# [EXERCISE DATA]
####
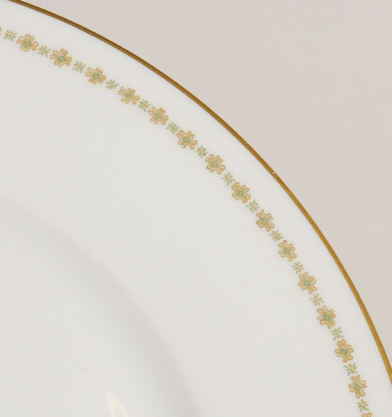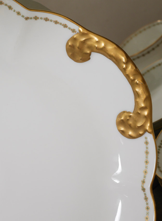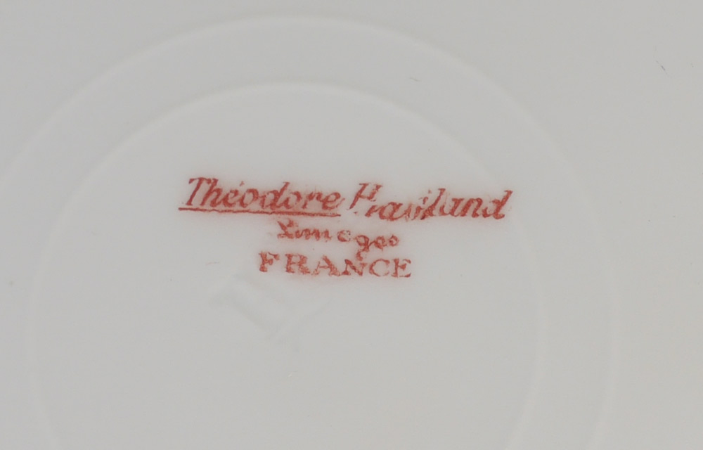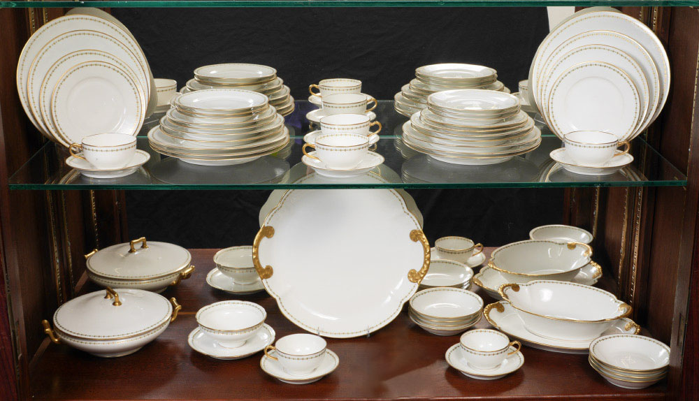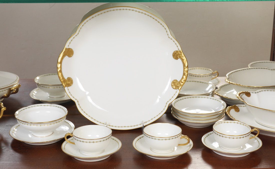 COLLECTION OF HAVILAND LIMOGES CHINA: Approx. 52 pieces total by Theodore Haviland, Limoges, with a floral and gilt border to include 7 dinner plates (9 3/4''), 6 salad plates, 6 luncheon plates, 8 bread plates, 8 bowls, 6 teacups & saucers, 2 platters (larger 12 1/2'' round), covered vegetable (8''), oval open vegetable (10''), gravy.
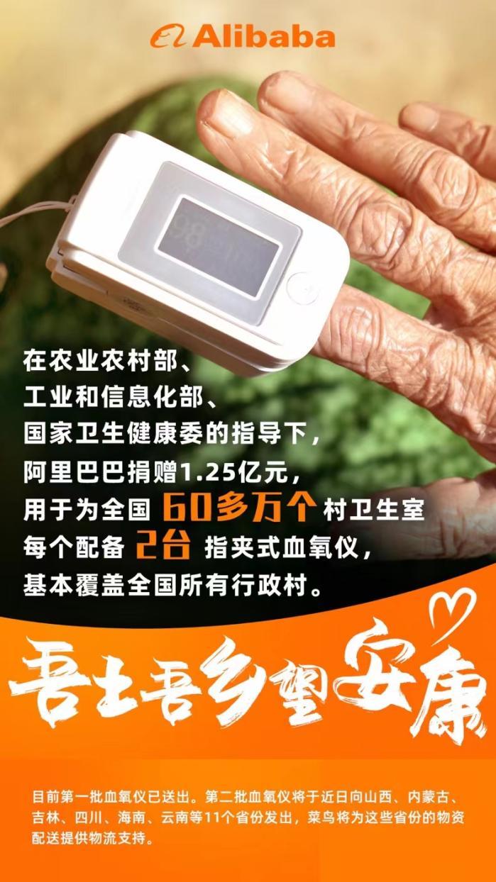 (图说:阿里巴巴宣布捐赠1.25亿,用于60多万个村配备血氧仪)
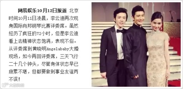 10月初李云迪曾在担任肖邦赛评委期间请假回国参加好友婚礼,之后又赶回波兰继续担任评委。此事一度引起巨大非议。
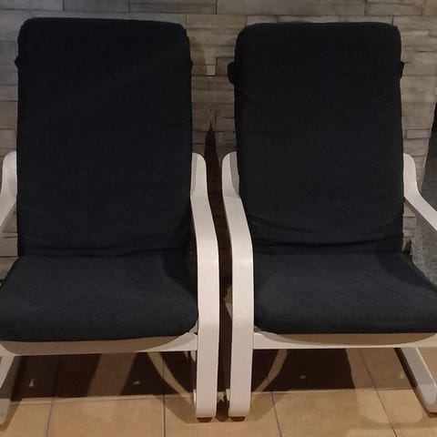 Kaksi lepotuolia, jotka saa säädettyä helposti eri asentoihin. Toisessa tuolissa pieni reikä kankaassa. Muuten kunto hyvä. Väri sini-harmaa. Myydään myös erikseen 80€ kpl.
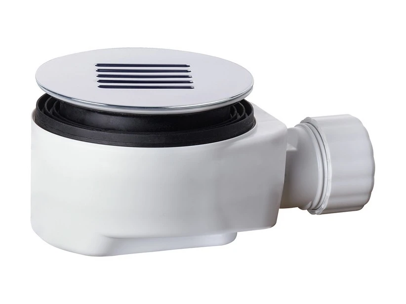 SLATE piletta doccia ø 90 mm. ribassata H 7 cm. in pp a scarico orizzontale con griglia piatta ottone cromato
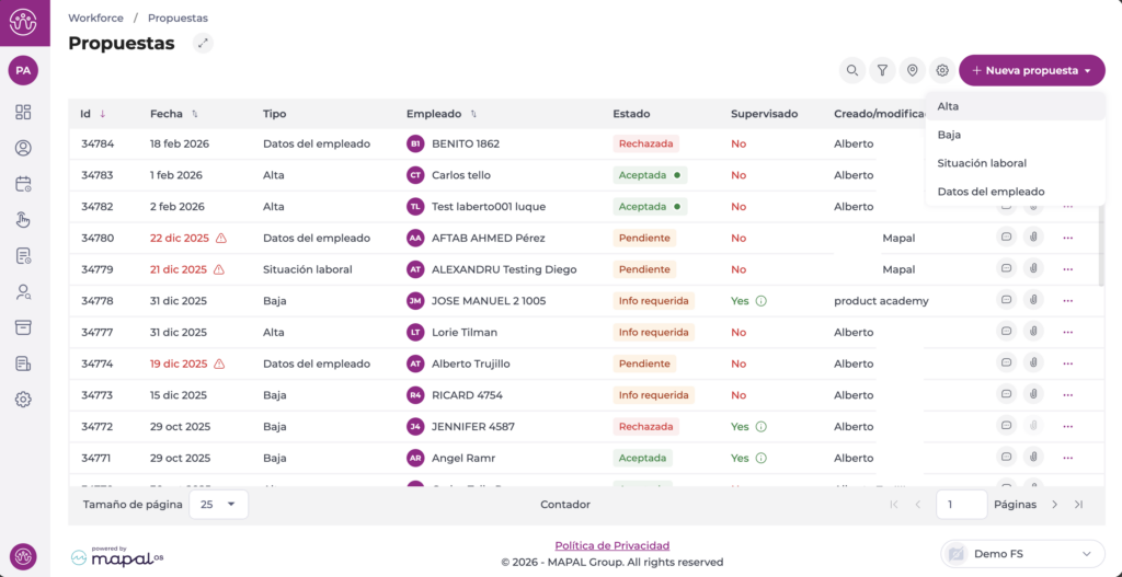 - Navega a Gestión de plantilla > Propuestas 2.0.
####
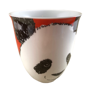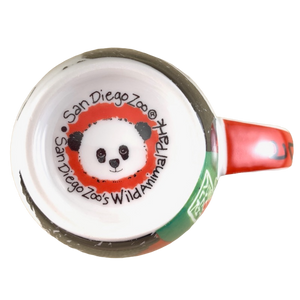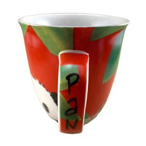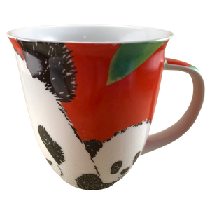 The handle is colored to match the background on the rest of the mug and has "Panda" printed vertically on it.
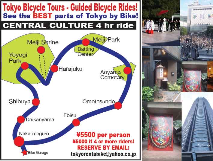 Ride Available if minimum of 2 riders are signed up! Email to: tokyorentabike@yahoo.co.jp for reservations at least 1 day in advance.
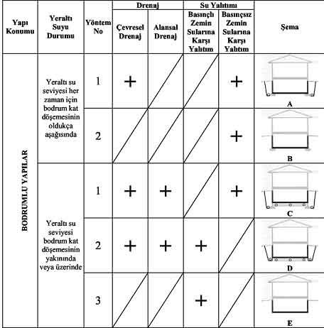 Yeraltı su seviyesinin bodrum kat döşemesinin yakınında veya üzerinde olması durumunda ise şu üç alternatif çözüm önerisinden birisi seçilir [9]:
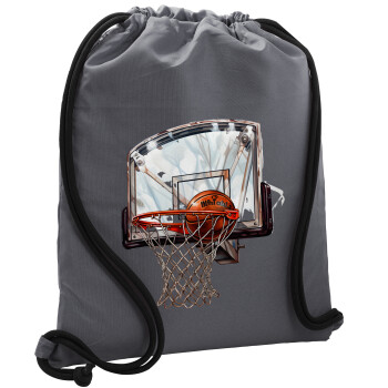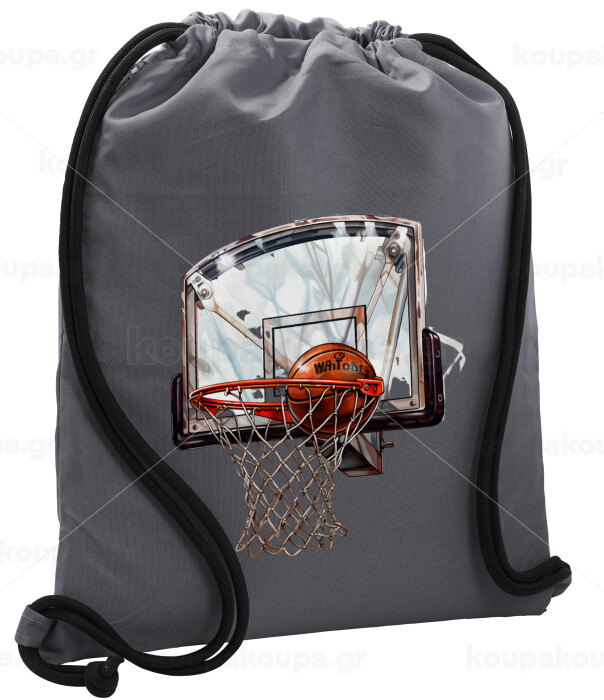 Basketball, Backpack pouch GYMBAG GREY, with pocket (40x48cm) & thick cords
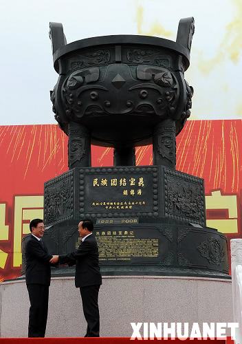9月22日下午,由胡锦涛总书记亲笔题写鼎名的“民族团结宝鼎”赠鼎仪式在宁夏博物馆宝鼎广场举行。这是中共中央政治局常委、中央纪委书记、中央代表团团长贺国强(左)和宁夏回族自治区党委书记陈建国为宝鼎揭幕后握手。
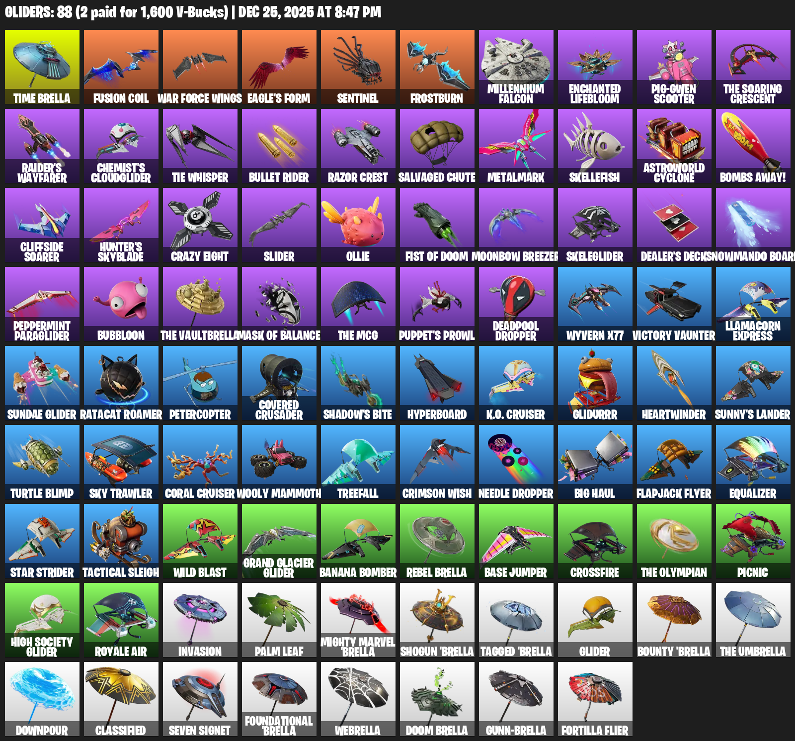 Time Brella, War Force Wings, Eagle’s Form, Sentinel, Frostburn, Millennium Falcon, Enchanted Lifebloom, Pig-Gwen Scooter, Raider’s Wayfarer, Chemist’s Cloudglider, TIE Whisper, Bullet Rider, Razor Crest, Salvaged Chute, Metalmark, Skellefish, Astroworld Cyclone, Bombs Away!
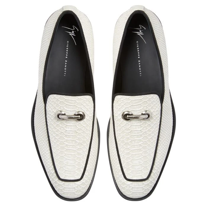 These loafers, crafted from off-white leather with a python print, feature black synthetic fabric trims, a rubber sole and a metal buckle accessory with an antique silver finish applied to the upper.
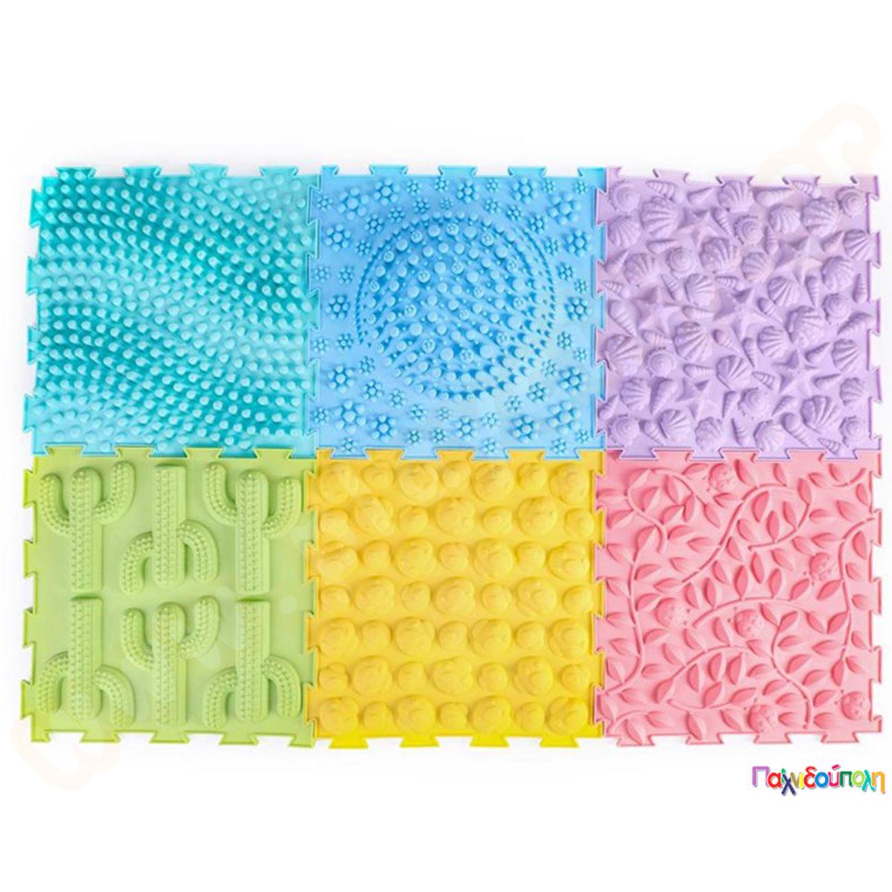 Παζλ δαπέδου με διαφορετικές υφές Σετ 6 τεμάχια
####
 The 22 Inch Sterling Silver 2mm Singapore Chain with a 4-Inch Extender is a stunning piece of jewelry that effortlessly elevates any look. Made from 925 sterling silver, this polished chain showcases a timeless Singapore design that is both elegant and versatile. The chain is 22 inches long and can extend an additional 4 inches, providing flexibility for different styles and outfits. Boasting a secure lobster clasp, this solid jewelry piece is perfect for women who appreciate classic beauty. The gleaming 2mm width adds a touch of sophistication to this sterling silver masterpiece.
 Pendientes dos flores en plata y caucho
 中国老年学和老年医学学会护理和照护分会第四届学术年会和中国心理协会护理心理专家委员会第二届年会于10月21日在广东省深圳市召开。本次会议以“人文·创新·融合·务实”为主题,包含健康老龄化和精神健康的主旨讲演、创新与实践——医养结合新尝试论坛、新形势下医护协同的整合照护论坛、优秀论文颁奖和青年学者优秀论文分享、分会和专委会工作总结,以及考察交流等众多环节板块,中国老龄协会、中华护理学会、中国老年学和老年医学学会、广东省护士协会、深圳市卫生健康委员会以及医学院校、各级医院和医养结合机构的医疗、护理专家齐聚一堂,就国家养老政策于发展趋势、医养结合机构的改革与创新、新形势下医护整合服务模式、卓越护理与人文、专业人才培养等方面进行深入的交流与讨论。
####
# [YOUR ASSIGNMENT]
Look above for the line with "Basketball, Backpack pouch" and the line with "Παζλ δαπέδου με". Give again exactly those two lines and all lines between them, pictures excluded.

# [SOLUTION FOR THIS EXERCISE]
 Basketball, Backpack pouch GYMBAG GREY, with pocket (40x48cm) & thick cords
9月22日下午,由胡锦涛总书记亲笔题写鼎名的“民族团结宝鼎”赠鼎仪式在宁夏博物馆宝鼎广场举行。这是中共中央政治局常委、中央纪委书记、中央代表团团长贺国强(左)和宁夏回族自治区党委书记陈建国为宝鼎揭幕后握手。
 Time Brella, War Force Wings, Eagle’s Form, Sentinel, Frostburn, Millennium Falcon, Enchanted Lifebloom, Pig-Gwen Scooter, Raider’s Wayfarer, Chemist’s Cloudglider, TIE Whisper, Bullet Rider, Razor Crest, Salvaged Chute, Metalmark, Skellefish, Astroworld Cyclone, Bombs Away!
 These loafers, crafted from off-white leather with a python print, feature black synthetic fabric trims, a rubber sole and a metal buckle accessory with an antique silver finish applied to the upper.
 Παζλ δαπέδου με διαφορετικές υφές Σετ 6 τεμάχια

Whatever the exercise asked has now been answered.